Write out the data that follows exactly, keeping every picture out.

▸ **PROVIDED DATA**:

<<<<

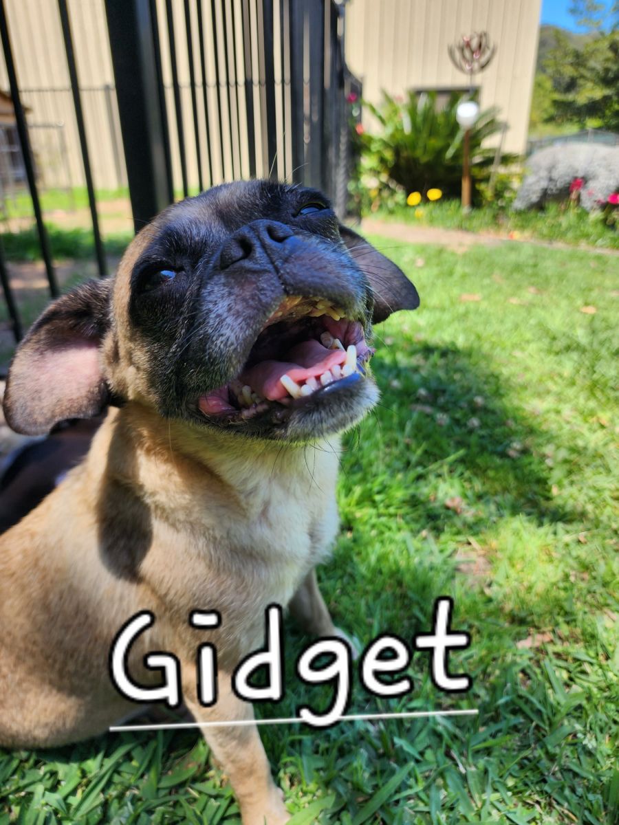 Gidget will be the sunshine in your day, such a happy girl. She just wants to be with her humans all the time. she gets on well with her animal and human brothers and sisters. She is not interested in the cat, she is happy to have it around. Gidget would be well suited with someone or family who has another doggy for her to play and cuddle with although this is not a deal breaker. She likes to go for rides in the car and is slowly learning to lead walk. Gidget is a 7yo Pug X she has had all of her vet work completed and is ready to go.
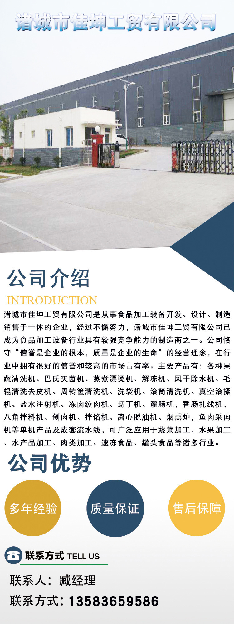 佳坤毛刷清洗机又称辊刷清洗机,适用于胡萝卜、土豆等各种根茎类蔬菜和柑桔类水果以及海鲜肉类物料的分拣清洗,(去皮去泥沙去毛等)采用食品级毛刷输送和清洗,利用旋转刷配高压喷淋,清洗效果好,能 清洗果蔬表面的污渍。去皮清洗机根据果蔬加工需求设计的用于圆形、长形果蔬的刷洗去皮等工作。适用于胡萝卜、白萝卜、土豆、红薯、苹果、桔子、元葱、山药、辣根、生姜等根茎类物料的清洗、去皮。具有清洗有效容积大、效率高,节水,可连续清洗,操作简单,使用寿命长等特点,刷辊材料经特殊工艺处理,经久耐用,耐磨性能好。
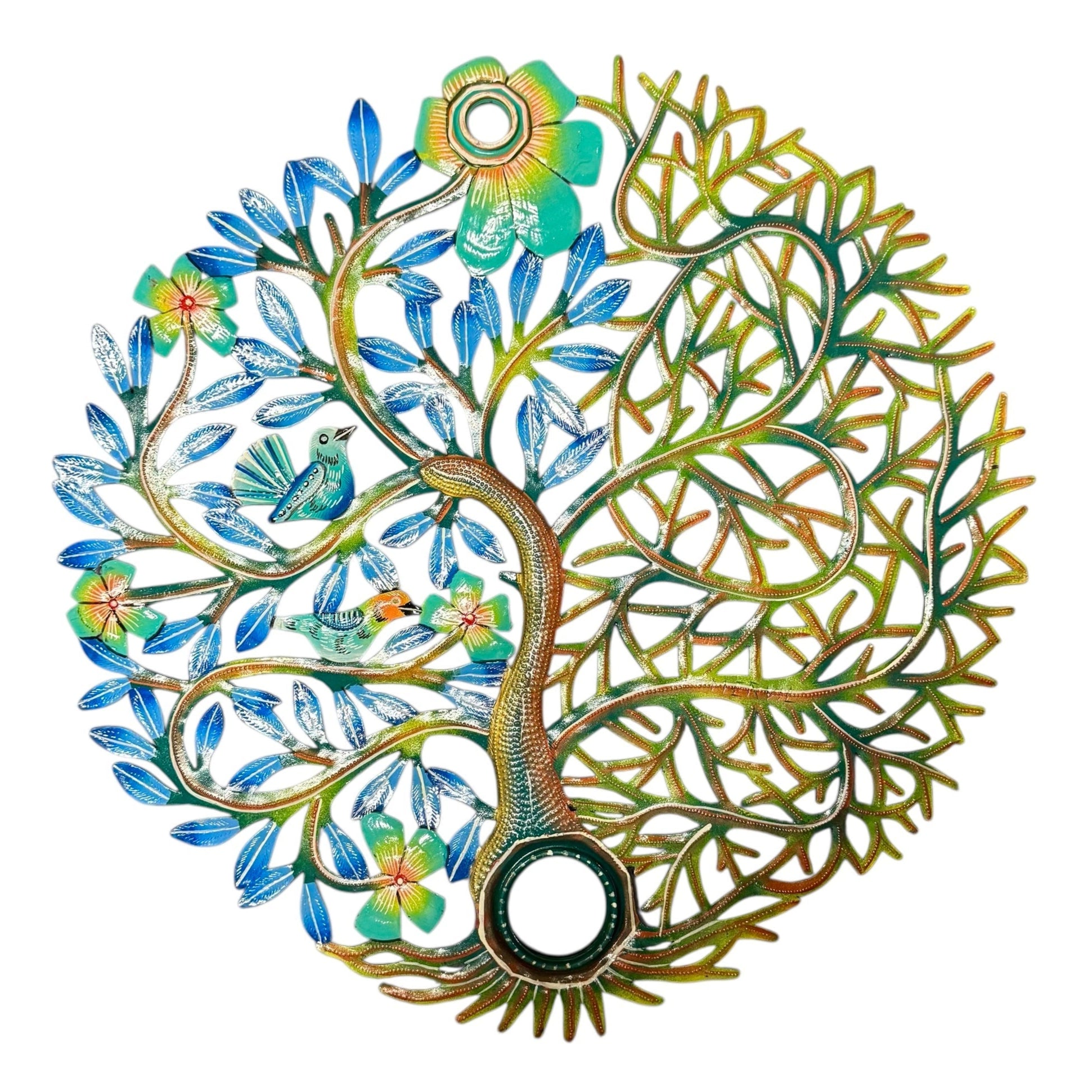 Since the 1950's Haitians have been flattening 55 gallon oil drums and using these steel canvases to cut, pierce, and bend intricate images and sculptures. This 34” wide metal piece is a perfect addition to any home and makes a great gift too!

>>>>

▸ **YOUR SOLUTION**:
 Gidget will be the sunshine in your day, such a happy girl. She just wants to be with her humans all the time. she gets on well with her animal and human brothers and sisters. She is not interested in the cat, she is happy to have it around. Gidget would be well suited with someone or family who has another doggy for her to play and cuddle with although this is not a deal breaker. She likes to go for rides in the car and is slowly learning to lead walk. Gidget is a 7yo Pug X she has had all of her vet work completed and is ready to go.
 佳坤毛刷清洗机又称辊刷清洗机,适用于胡萝卜、土豆等各种根茎类蔬菜和柑桔类水果以及海鲜肉类物料的分拣清洗,(去皮去泥沙去毛等)采用食品级毛刷输送和清洗,利用旋转刷配高压喷淋,清洗效果好,能 清洗果蔬表面的污渍。去皮清洗机根据果蔬加工需求设计的用于圆形、长形果蔬的刷洗去皮等工作。适用于胡萝卜、白萝卜、土豆、红薯、苹果、桔子、元葱、山药、辣根、生姜等根茎类物料的清洗、去皮。具有清洗有效容积大、效率高,节水,可连续清洗,操作简单,使用寿命长等特点,刷辊材料经特殊工艺处理,经久耐用,耐磨性能好。
 Since the 1950's Haitians have been flattening 55 gallon oil drums and using these steel canvases to cut, pierce, and bend intricate images and sculptures. This 34” wide metal piece is a perfect addition to any home and makes a great gift too!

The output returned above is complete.